The loss of access to hundreds of aircraft, worth billions of dollars, will pose a major problem for Russia’s carriers, including Aeroflot, but it is also a massive development for lessors in Ireland as they attempt to extract the jets from the country.
It’s impossible to know how the Russian government and military will react. Between 75pc and 80pc of Russia’s commercial aircraft fleet is estimated to be leased.
Russian companies have 980 passenger jets in service - of which 777 are leased by airlines, according to industry estimates.
Aeroflot's fleet includes 186 aircraft with an average age of 6.2 years. Since September 2013, Aeroflot has operated Boeing 737-800 medium-range passenger aircraft and currently owns just 37 of them. S7, a private-owned company, has a fleet of 101 planes.
Industry sources suggested a friendly neighbour of Russia’s could set into backstop insurance for airlines. “This is a pressing point, but the Kremlin could request another state steps in to provide emergency cover.”
The Irish government is already in the process of finalising plans to ban all Russian flights from the country’s airspace as Europe steps up its response to Vladimir Putin’s invasion of Ukraine. Aeroflot on Saturday cancelled a direct flight from Moscow to Dublin due to the Russian carrier being banned from UK airspace.
The European Union, U.S. and other Western nations on Saturday announced they would cut off a "certain number of Russian banks" from the SWIFT international payments system and impose unprecedented restrictions on Russia’s Central Bank.

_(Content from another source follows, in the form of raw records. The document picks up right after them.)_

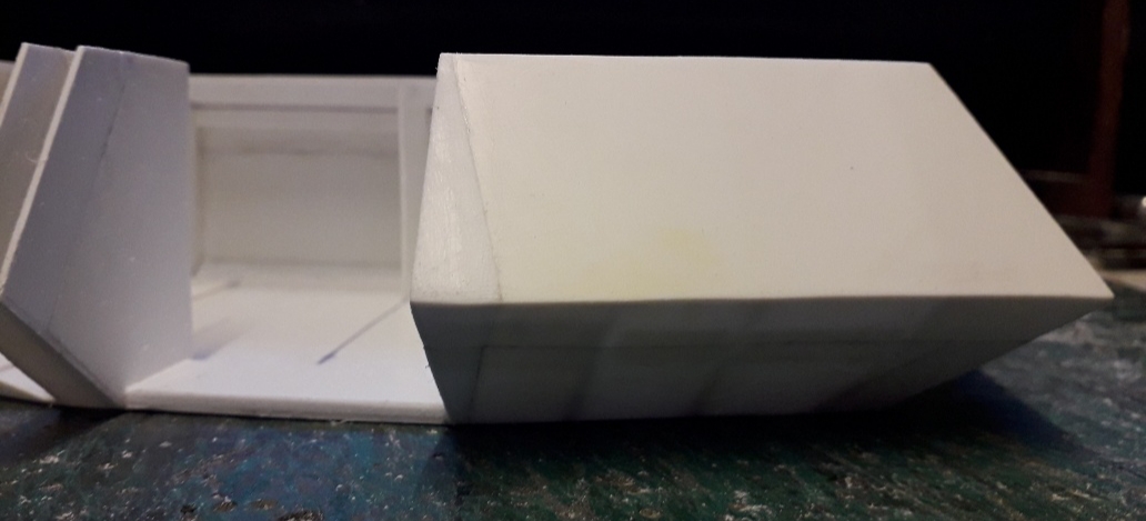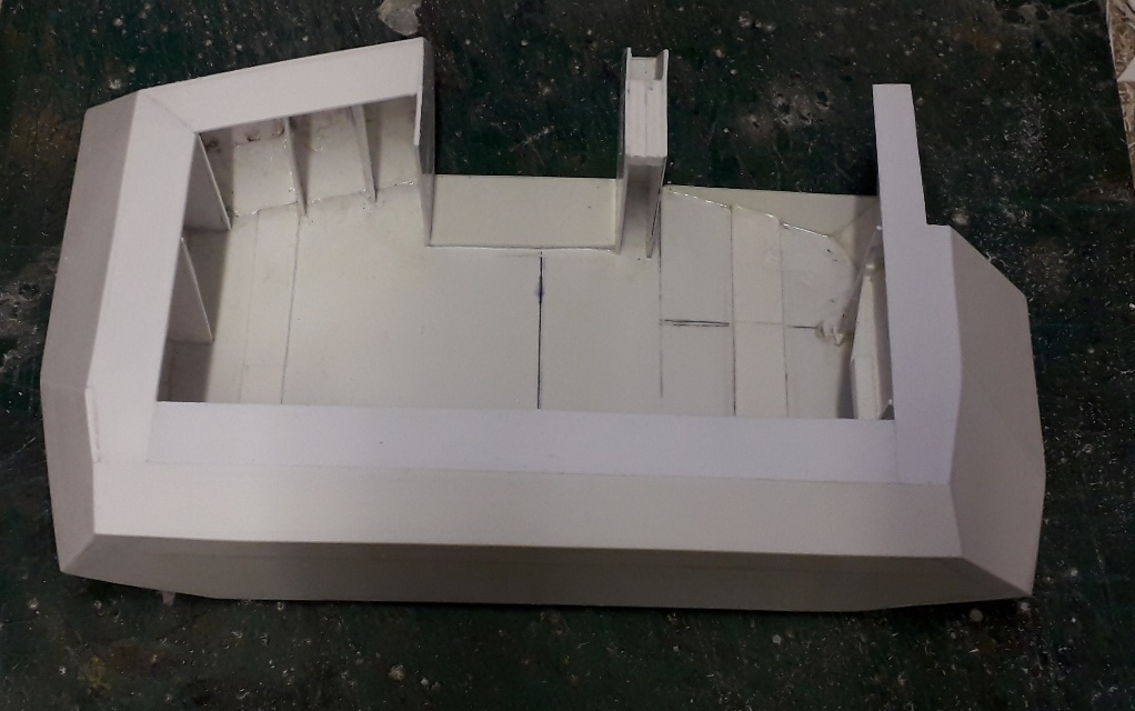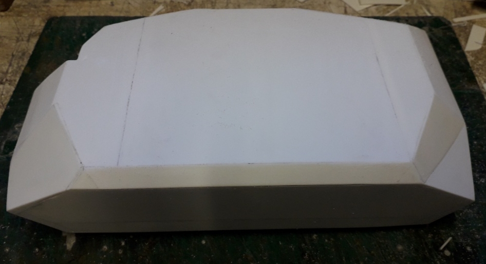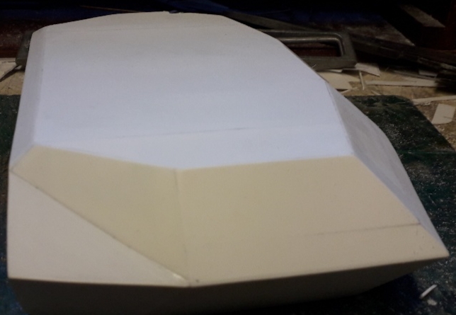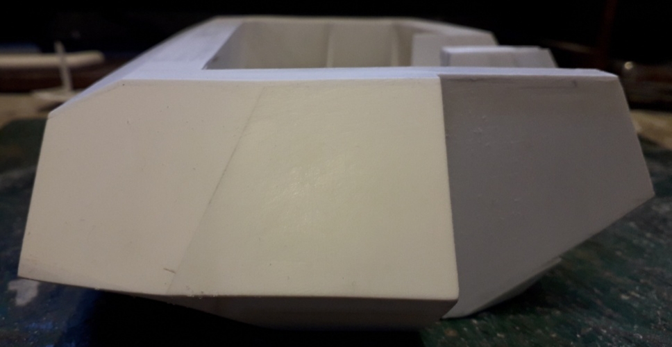 Its just the basic lower shape still in its raw state, which requires cleaning up, the odd bit of filler here and there but it shows the many angled surfaces which make up the turret shape, i still have to add the gun optics mount which will go in the cut out on the right side, the angled frontal side cover which goes over where the auto cannon side ejects the spent shell casings and all the upper turret roof, hatches etc etc.
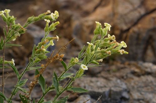 Nicotiana obtusifolia, or desert tobacco, is a plant native to the southwestern United States (from California to Utah to Texas) and Mexico. It is a woody perennial herb growing up to about 80 centimeters in maximum height. The leaves have blades up to 10 centimeters long, the lower ones borne on short petioles, the upper ones smaller and clasping the stem. The funnel-shaped flower is white or green-tinged, its tubular throat up to 2.6 centimeters long.
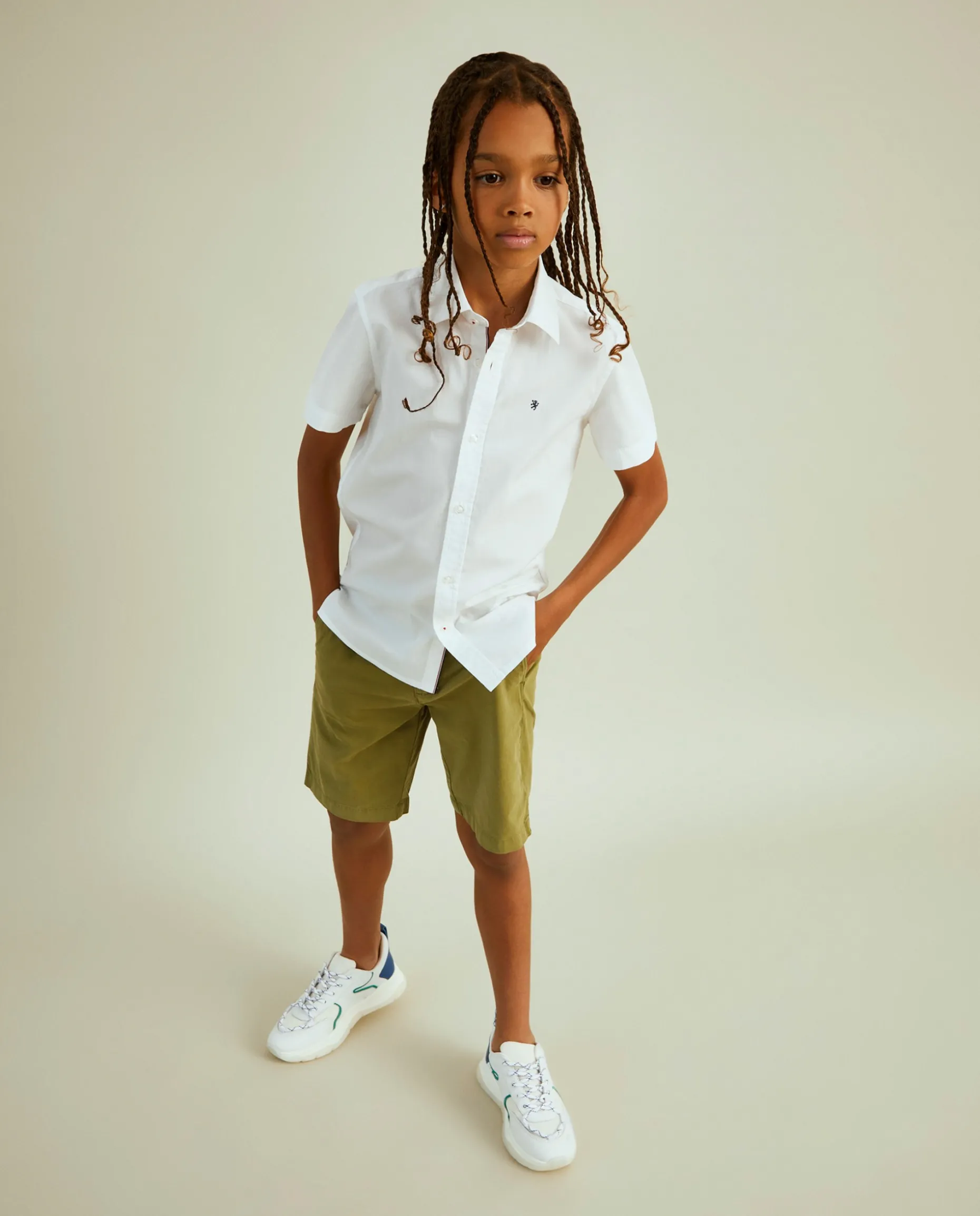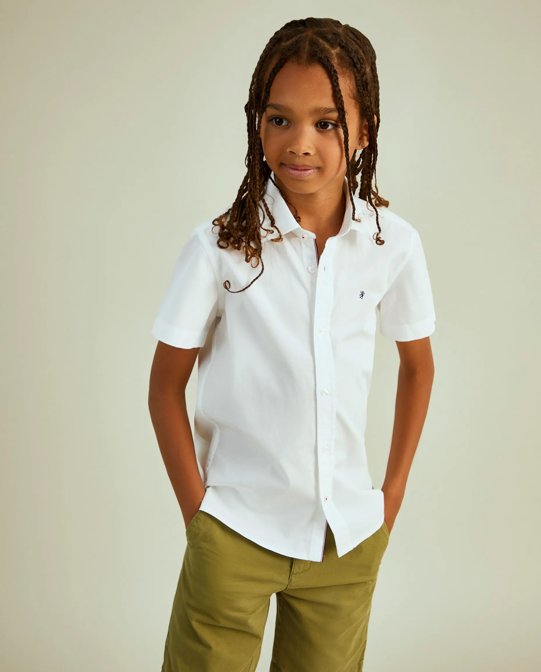 Camisa de manga curta, de cor lisa, com pequeno leão da marca em contraste no peito. Pormenor diferenciador de fita de riscas tricolor no interior da gola e no interior da carcela. Aperta com botões na frente. É confecionada, na totalidade, em algodão para maior conforto e suavidade.
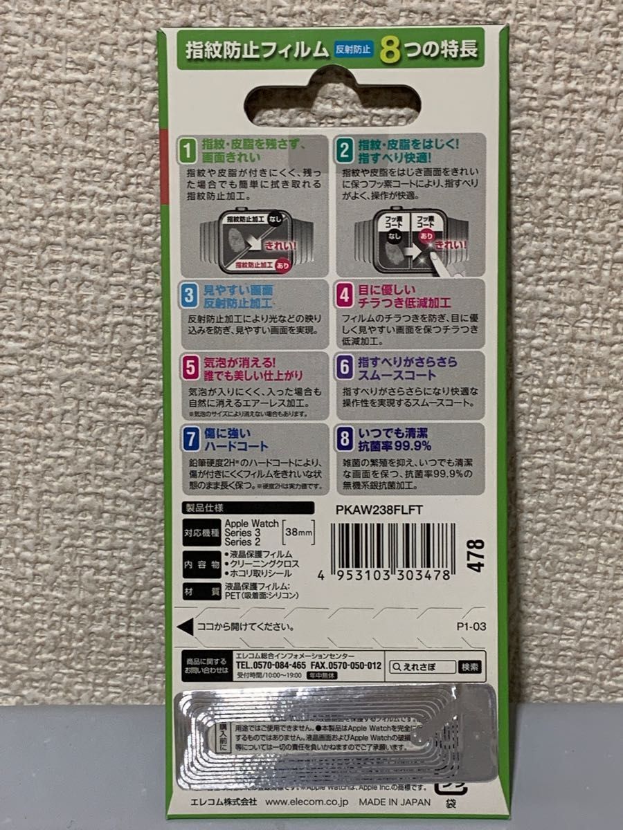 Apple Watch 38mm PKAW238FLFT 指紋防止フィルム シリーズ2,3対応 a2 反射防止タイプ エレコム 匿名配送 クリーニングクロス付き
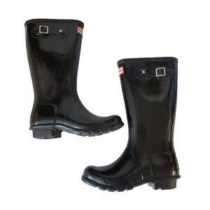 Hunter Youth Unisex Rain Boots Mid-calf Black Gloss Outdoor Sz 2 B/ 3G
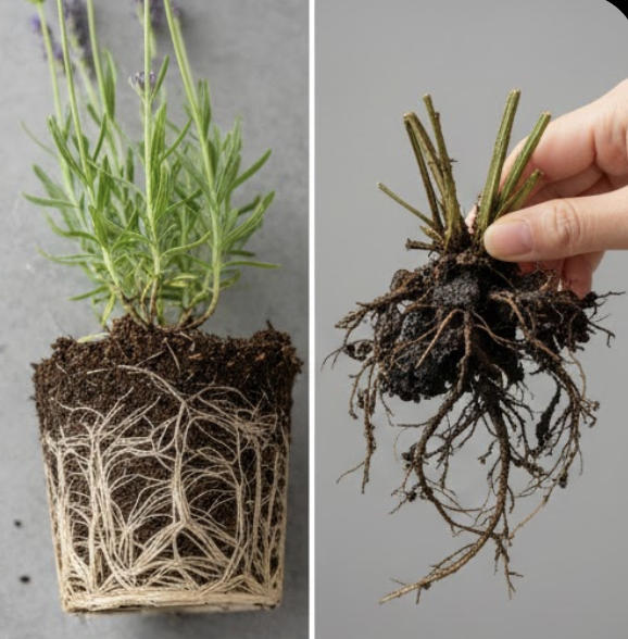 ラベンダーの根は、たくさんの酸素を必要とします。しかし、水のやりすぎや水はけの悪い土の状態が続くと、根が呼吸できずに窒息してしまいます。専門的な話をすると、酸欠になった根は「嫌気呼吸」という状態になり、アルコールなどの有害物質を出して自分の細胞を壊してしまうのです。これが根腐れの正体です。

Irish airline leasing companies may find it difficult to get paid by Russian airlines due to cutting Russia from SWIFT.
“There will be no differentiation for lessors or for an oil gas traders,” said a senior aviation source. “The payment flow is going to be an issue for us.”
Industry analysts have long been puzzled why Sberbank, which was barred in 2014 from accessing EU or US capital markets for long-term funding after the annexation of Crimea, could still be involved in aviation leasing.
The loss of hundreds of aircraft, worth billions of dollars, will pose a major problem for Russia’s carriers, including Aeroflot, and also for lessors in Ireland as they attempt to extract the jets from the country.
While repossessing an aircraft that has defaulted on a lease is never straightforward even in normal circumstances, the current war footing will pose unique and significant challenges.
It’s impossible to know how the Russian government and military will react to any efforts to decapitate its commercial airline sector.
It was reported over the weekend that Russia’s Ministry of Transport had scheduled an emergency meeting regarding the new sanction, and on whether or not airlines would be forced to comply with it.
Ireland is the biggest global centre for the international aircraft leasing sector. Irish firms control about 60pc of the world’s leased aircraft.
In response to Russia’s unprecedented invasion of Ukraine, the European Union has introduced a swathe of sanctions. It has prohibited the sale of aircraft and spares to Russia, as well as all related repair, maintenance and financial services.